Время от времени Анна Дмитриевна упоминала о Семене Семеновиче, и всякий раз Софья, быстро оглянувшись на Мостепанова, делала какой-то знак тете. Владимир вскоре догадался, что речь идет именно о балаболке. Становилось забавно: он знает о девушке некий криминал, а она ведет себя так, как будто ничего этого и в помине нет. При этом живость нрава удивительная. Или это своеобразное кокетство? Во всяком случае, отдает детскостью... Унося чашки на кухню, Софья остановилась и посмотрела на него с живым прелестным выражением на лице... Что она хотела сказать?
Владимир был очарован, и даже упоминание о балаболке не смущало его, а скорее подзадоривало. Он невольно ждал его появления, еще не совсем сознавая, что вмешался в жизнь людей, в их судьбы, вряд ли имея на то право.
Но о «женихе» Софья сама молчала, зато явно отдавала предпочтение ему, охотно идя навстречу во всем: в знакомстве, в свиданиях и нежных мимолетных ласках. Полагать во всем этом коварство, притворство, пылкость неумного существа или испорченность какой-нибудь скверной девчонки не было никаких оснований.
«Сомневаюсь, умна ли она, - рассуждал Мостепанов за письменным столом. - К стихам моим потеряла интерес... А сама более чем любезна - улыбкой, голосом, то есть невольно пытается предстать передо мною в самом лучшем виде, и ей это удается».
Надо было решить, чего он хочет от Софьи. Они виделись почти каждый день, как влюбленные, но всегда ненадолго, поскольку Софья вечно куда-то спешила: работа, учеба, мама...
Однажды она со смущением сказала:
- Мама справилась о тебе у Анны...
- Так что же? - встрепенулся Владимир.
- Анна наговорила бог знает какой вздор. Во-первых, надо тебе сказать, давно собиралась, да язык как-то не поворачивается... Они считают, что у меня есть жених...
- Семен Семенович.
- Да! Откуда ты знаешь?
- Во-вторых?
- Что мы с тобой... - Софья расхохоталась, отворачиваясь в сторону.
- Значит, у тебя есть жених, - подытожил Владимир.
- А почему не быть? - прервав смех, не без вызова сказала Софья.
- А еще у тебя есть любовник.
- Это ты! - снова рассмеялась Софья. - Вот видишь, Володя, какая я ужасная вертихвостка! Нынешние девушки - скажу я тебе!..
По-настоящему Мостепанов тут и должен был бы объясниться в любви, во всяком случае, сказать о своем увлечении ею, но он почему-то загрустил и довольно холодно расстался с Софьей, обескуражив ее не на шутку.

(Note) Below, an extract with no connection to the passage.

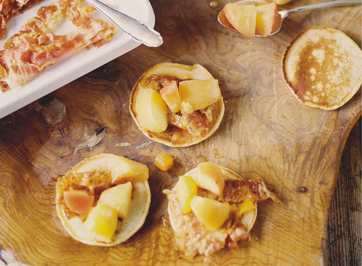 Neem de compote van het vuur, verwijder het vanillestokje en serveer met de pancakes en het ontbijtspek.

Владимир помнил и думал о Софье поминутно, только теперь писались уже не стихи, а нечто неожиданное... Он садился за стол и видел в своем воображении почему-то Софью-девочку, Соню, когда ей было лет двенадцать-тринадцать, и именно в этом возрасте она возбуждала его любопытство как влюбленного и занимала как поэта. Неловкая, порывистая и даже совсем не красивая (настолько некрасивая и неловкая, что не смела мечтать о сцене, несмотря на свою любовь к музыке и театру), Соня-подросток вытеснила образ молодой девушки с обаятельной улыбкой и походкой балерины, этот образ, бесконечно заманчивый, милый - и трудный для него в жизни...

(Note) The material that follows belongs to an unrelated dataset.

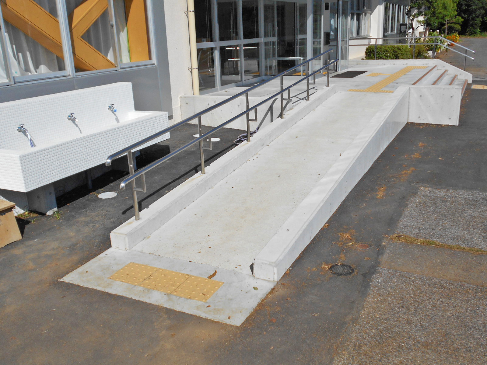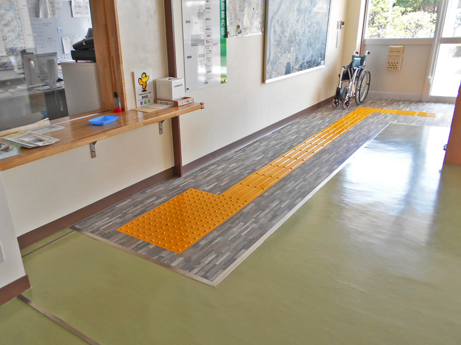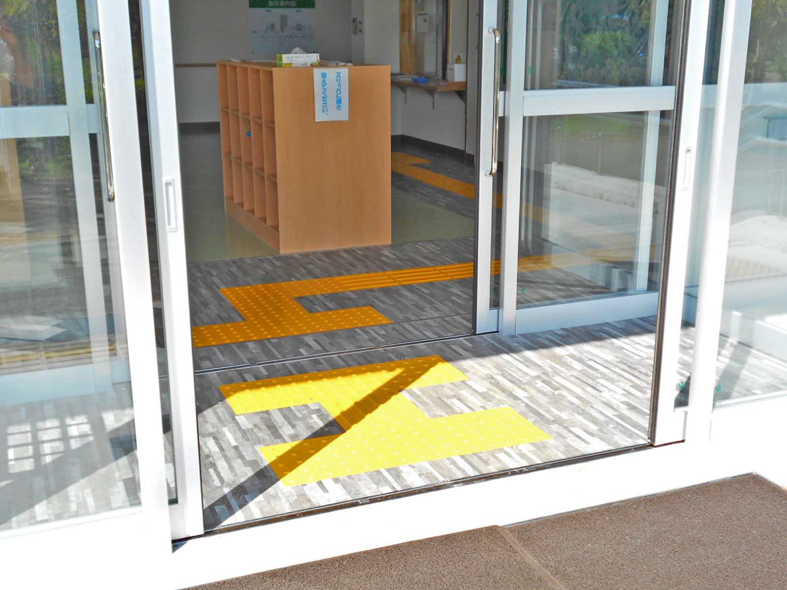 歩道から出入口までに視覚障害者誘導用ブロックがある

Он видел Соню в классе, на комсомольском собрании, на переменах, в поездках за город или в театр, как если бы они учились в одно время и в одном классе. Постепенно вокруг Сони сгруппировалась еще несколько детских характеров и судеб, зародился полусказочный сюжет, и совершенно неожиданно для самого себя Владимир начал быстро и лаконично набрасывать прозаическую вещь, хотя считал, что проза ему вовсе не дается. Похоже, это будет повесть, догадался однажды Мостепанов, но странная: в ней присутствовали и кот Васька, не владеющий, правда, пером, как знаменитый кот Мурр, но даром речи обладающий, и наивно-чудесный Федя, настоящий инопланетянин, и, разумеется, школьница Соня Пилипенко.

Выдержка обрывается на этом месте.